Kilpatrick Lisa A, Alger Jeffry R, O'Neill Joseph, Joshi Shantanu H, Narr Katherine L, Levitt Jennifer G, O'Connor Mary J
G. Oppenheimer Family Center for Neurobiology of Stress and Resilience, Vatche and Tamar Manoukian Division of Digestive Diseases, David Geffen School of Medicine at University of California, Los Angeles, CA, USA.
Department of Neurology, University of California, Los Angeles, CA, USA.
Neuroimage Rep. 2022 Mar;2(1). doi: 10.1016/j.ynirp.2022.100082. Epub 2022 Jan 18.
White matter alterations have been reported in children with prenatal alcohol exposure (PAE) and in children with attention deficit hyperactivity disorder (ADHD); however, as children with PAE often present with ADHD, covert PAE may have contributed to previous ADHD findings. Additionally, data regarding intracortical myelination in ADHD are lacking. Therefore, we evaluated intracortical myelination (assessed as the T1w/T2w ratio at 4 cortical ribbon levels) and myelin-related deep white matter features in children (aged 8-13 years) with ADHD with PAE (ADHD + PAE), children with familial ADHD without PAE (ADHD-PAE), and typically developing (TD) children. In widespread tracts, ADHD + PAE children showed higher mean and radial diffusivity than TD and ADHD-PAE children and lower fractional anisotropy than ADHD-PAE children; ADHD-PAE and TD children did not differ significantly. Compared to TD children, ADHD + PAE children had lower intracortical myelination only at the deepest cortical level (mainly in right insula and cingulate cortices), while ADHD-PAE children had lower intracortical myelination at multiple cortical levels (mainly in right insula, sensorimotor, and cingulate cortices); ADHD + PAE and ADHD-PAE children did not differ significantly in intracortical myelination. Considering the two ADHD groups jointly (via non-parametric combination) revealed common reductions in intracortical myelination, but no common deep white matter abnormalities. These results suggest the importance of considering PAE in ADHD studies of white matter pathology. ADHD + PAE may be associated with deeper, white matter abnormalities, while familial ADHD without PAE may be associated with more superficial, cortical abnormalities. This may be relevant to the different treatment response observed in these two ADHD etiologies.

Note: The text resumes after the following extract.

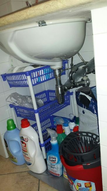 Ciao ragazze volevo un consiglio da voi..vivo da poco in una casa in affitto..il fatto è che nel bagno non mi piace proprio che non ci sia un mobiletto per i vari prodotti..vi allego una foto..secondo voi come posso coprire questo spazio?
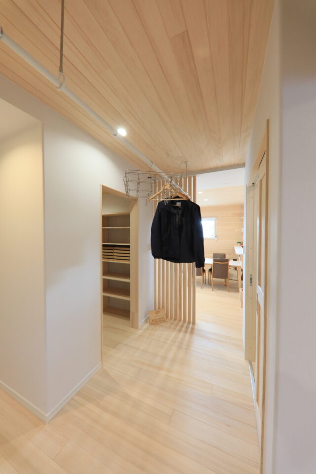 もみの木ハウスの家と、普通の家との大きな違いは「洗濯物が驚くほどよく乾く」ということ。洗濯物が乾きにくい梅雨や冬場でも、もみの木ハウスの家では除湿機やガス乾燥機の出番がありません。夜に洗濯物を干して、朝には乾いた服を着ていけるので、洗濯物の渋滞も起こらない。また、もみの木ならではのお着替えクローゼットを設置することで、洗濯物の整理整頓が楽になり家事を効率よくできます。

已有报道称,产前酒精暴露(PAE)儿童和注意力缺陷多动障碍(ADHD)儿童存在白质改变;然而,由于PAE儿童常伴有ADHD,隐匿性PAE可能是先前ADHD研究结果的原因之一。此外,关于ADHD患者皮质内髓鞘形成的数据尚缺。因此,我们评估了患有PAE的ADHD儿童(ADHD + PAE)、无PAE的家族性ADHD儿童(ADHD - PAE)和正常发育(TD)儿童(8至13岁)的皮质内髓鞘形成(以4个皮质带水平的T1w/T2w比值评估)以及与髓鞘相关的深部白质特征。在广泛的脑区,ADHD + PAE儿童的平均扩散率和径向扩散率高于TD儿童和ADHD - PAE儿童,而分数各向异性低于ADHD - PAE儿童;ADHD - PAE儿童和TD儿童之间无显著差异。与TD儿童相比,ADHD + PAE儿童仅在最深的皮质水平(主要在右侧岛叶和扣带回皮质)皮质内髓鞘形成较低,而ADHD - PAE儿童在多个皮质水平(主要在右侧岛叶、感觉运动和扣带回皮质)皮质内髓鞘形成较低;ADHD + PAE儿童和ADHD - PAE儿童在皮质内髓鞘形成方面无显著差异。联合考虑两个ADHD组(通过非参数组合)显示皮质内髓鞘形成普遍减少,但深部白质无共同异常。这些结果表明在ADHD白质病理学研究中考虑PAE的重要性。ADHD + PAE可能与更深部的白质异常有关,而无PAE的家族性ADHD可能与更浅表的皮质异常有关。这可能与这两种ADHD病因中观察到的不同治疗反应相关。